The second wild card was born in an interesting time. From 2006 through 2015, only four teams in the majors won more than 98 games. The median win total for a division champ was 92 games. It was easy, at the time, to see a wild card as "cheap" when the division was such a reasonable goal to chase. It was, perhaps, easy to figure that a team was better off saving its future resources and trying to make a run at the following season's division title.
But in the past three years, six teams have won 100 games, and FanGraphs' playoff odds expect three more to do so this year. The median win total for a division has shot up to 96. Next year's division title looks tough.
For teams such as the Diamondbacks, Rays, Giants and Oakland Athletics, it might be daunting to consider the odds of winning the World Series through a crowded wild-card race and then a wild-card berth.
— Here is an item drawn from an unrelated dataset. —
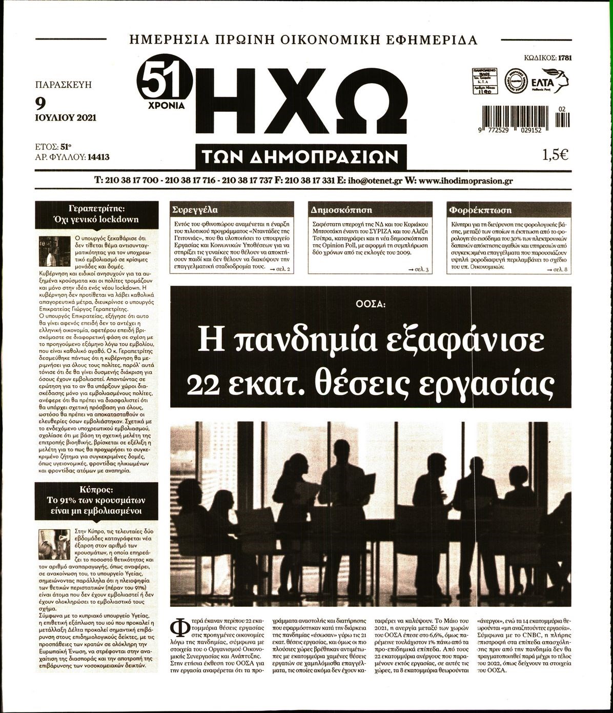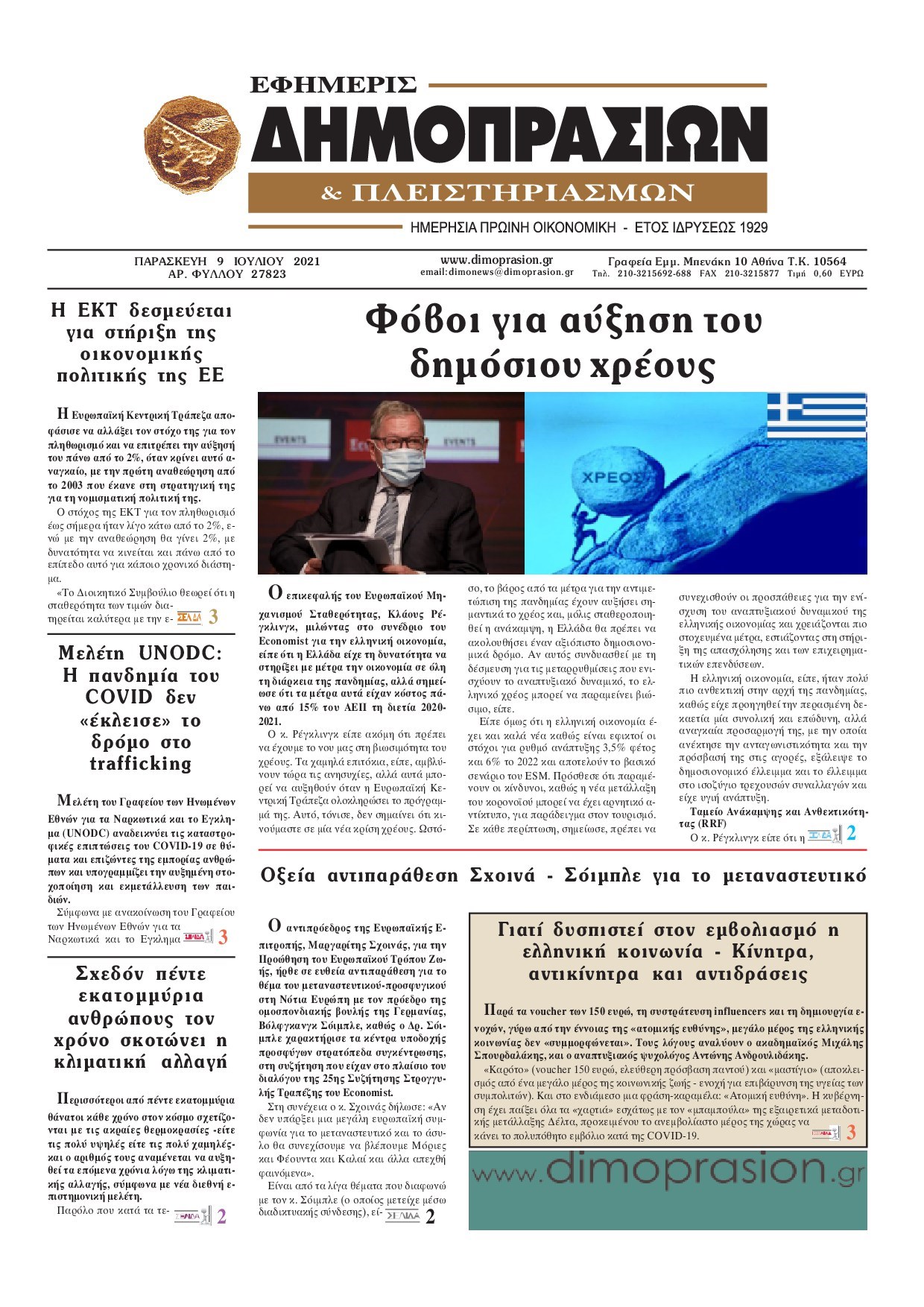 Οι οικονομικές εφημερίδες 9/7/2021 Διονύσης Νίκκας 06:34, Παρασκευή 09 Ιουλίου 2021 Media Διαβάστε τα πρωτοσέλιδα των οικονομικών εφημερίδων… ΟΙΚΟΝΟΜΙΚΕΣ ΕΦΗΜΕΡΙΔΕΣ Μοιράσου το: σχολίασε κι εσύ (0 σχόλια) Ακολουθήστε το enikos.gr στο Google News και μάθετε πρώτοι όλες τις ειδήσεις Δείτε όλες τις τελευταίες ειδήσεις από την Ελλάδα και τον Κόσμο στο enikos.gr Ειδήσεις Ροή Ειδήσεων 3 ώρες πριν Αγρότες: «Όχι στον διάλογο, μας εμπαίζει η κυβέρνηση» – Αποφάσισαν κλιμάκωση των κινητοποιήσεων, τι θα γίνει τα Χριστούγεννα 3 ώρες πριν Την πρώτη Belharra παρέλαβε η χώρα μας, υψώθηκε η ελληνική σημαία στη φρεγάτα «Κίμων» – Δένδιας: «Το ισχυρότερο Πολεμικό Ναυτικό που είχε ποτέ ο ελληνισμός» 1 ώρα πριν Γιώργος Μαζωνάκης: «Έχει υποστεί ένα σωρό εκβιαστικές πρακτικές – Του είπαν ότι θα του βάλουν τον συγκεκριμένο άνθρωπο να τον καταγγείλει» 3 ώρες πριν Μιχάλης Χουρδάκης: «Είμαι διαθέσιμος να συμβάλω στην προσωρινή κάλυψη του ιατρείου της Ψερίμου» – Η επιστολή στον Άδωνι Γεωργιάδη 3 ώρες πριν Εξώδικο Γεωργιάδη στην Κωνσταντοπούλου – «Με κατηγόρησε ότι έχω καταδικαστεί για παιδεραστία» 54 λεπτά πριν Γάμος: 11 ψυχρές αλλά ευγενικές φράσεις, που λέει ένας άνδρας όταν σκέφτεται τον χωρισμό 4 ώρες πριν Τα 5 ζώδια που θα ευνοηθούν στα οικονομικά τους το 2026 – «Τραβούν το χρήμα σαν μαγνήτες» 5 ώρες πριν Αυτό που κρύβεται κάτω από τη Γροιλανδία θα μπορούσε να ανατρέψει όσα γνωρίζουμε για την άνοδο της στάθμης των θαλασσών 1 ημέρα πριν 20 χρόνια τα Χριστούγεννα ξεκινούν στα Public με μεγάλη ποικιλία σε δώρα! 9 λεπτά πριν Στη φυλακή ο «Έλληνας Εσκομπάρ» και τρεις συνεργοί του για το φορτίο με την κοκαΐνη – Τι υποστήριξε στην απολογία του 13 λεπτά πριν ΕΕ: Καλεί τα Σκόπια να σέβονται τις δεσμεύσεις από τη διαδικασία ένταξης και το Διεθνές Δίκαιο – Η χρηματοδότηση του Διαδρόμου Χ 19 λεπτά πριν Σοκ στη Σουηδία: 12χρονος πληρωμένος δολοφόνος σκότωσε λάθος άτομο 24 λεπτά πριν FIFA: Έτοιμη να… επανεντάξει τη Ρωσία από το 2026 29 λεπτά πριν Live η κίνηση: Στο «κόκκινο» Κηφισός, Κηφισίας και οι δρόμοι στο κέντρο – Καθυστερήσεις και στην Αττική Οδό ENIKOS NETWORK Σκέφτεστε συνέχεια συζητήσεις που έχετε κάνει; Τι σημαίνει αυτό, σύμφωνα με ειδικό Ξεκίνησε η «επέλαση» της γρίπης στην Ελλάδα-Ποιοι κινδυνεύουν Κλιμάκωση των κινητοποιήσεων αποφάσισαν οι αγρότες, κλείνουν παρακαμπτήριους την Παρασκευή – Τι απαντά η κυβέρνηση Ευλογιά αιγοπροβάτων: Νέες αποζημιώσεις ύψους 26,02 εκατ. ευρώ σε κτηνοτρόφους – Η κατανομή ανά Περιφέρεια Χαρτογραφώντας το «σημείο χωρίς επιστροφή»: Για πρώτη φορά αποκαλύπτεται με λεπτομέρεια το ακανθώδες όριο της ατμόσφαιρας τ... Η Google καταργεί τη λειτουργία «dark web report» – Πώς θα μπορούν οι χρήστες να διαγράφουν τα δεδομένα τους περισσότερα 17:45 , Πέμπτη 18 Δεκεμβρίου 2025 ROUK ZOUK: Εορταστικό επεισόδιο με καλεσμένους τους πρωταγωνιστές του «Γιατί ρε πατέρα» Το Σάββατο 20 Δεκεμβρίου στις 21:00, η Ζέτα Μακρυπούλια υποδέχεται εκλεκτούς ηθοποιούς που όλο... 17:20 , Πέμπτη 18 Δεκεμβρίου 2025 Άγιος έρωτας: Η Χριστίνα εξομολογείται στον πατέρα Νικόλαο, απόψε στις 21:00 στον Alpha Η Νότα αποφασίζει να εκδικηθεί τον Πέτρο και τον Στέφανο, για χάρη του Λούη, όμως τα πράγματα ... 16:50 , Πέμπτη 18 Δεκεμβρίου 2025 Να μ’ αγαπάς: Ζωή και Φωτεινή συμφιλιώνονται ως μάνα με κόρη, απόψε στις 20:00 Η ταυτότητα του Άγγελου αποκαλύπτεται στο νέο επεισόδιο της σειράς “Να μ’ αγαπάς... 15:52 , Πέμπτη 18 Δεκεμβρίου 2025 Το Σπίτι Δίπλα Στο Ποτάμι: Το καθηλωτικό τελ

Hazen's Diamondbacks are, according to FanGraphs, only about 1-in-500 to win the World Series, and objectively, that might not be a position they should be staking themselves to.
But as long as superteams rule their divisions, the odds of winning it all any other way are close to impossible. It's a real dilemma, and over the next few days those teams -- and others -- will be trying to figure it out.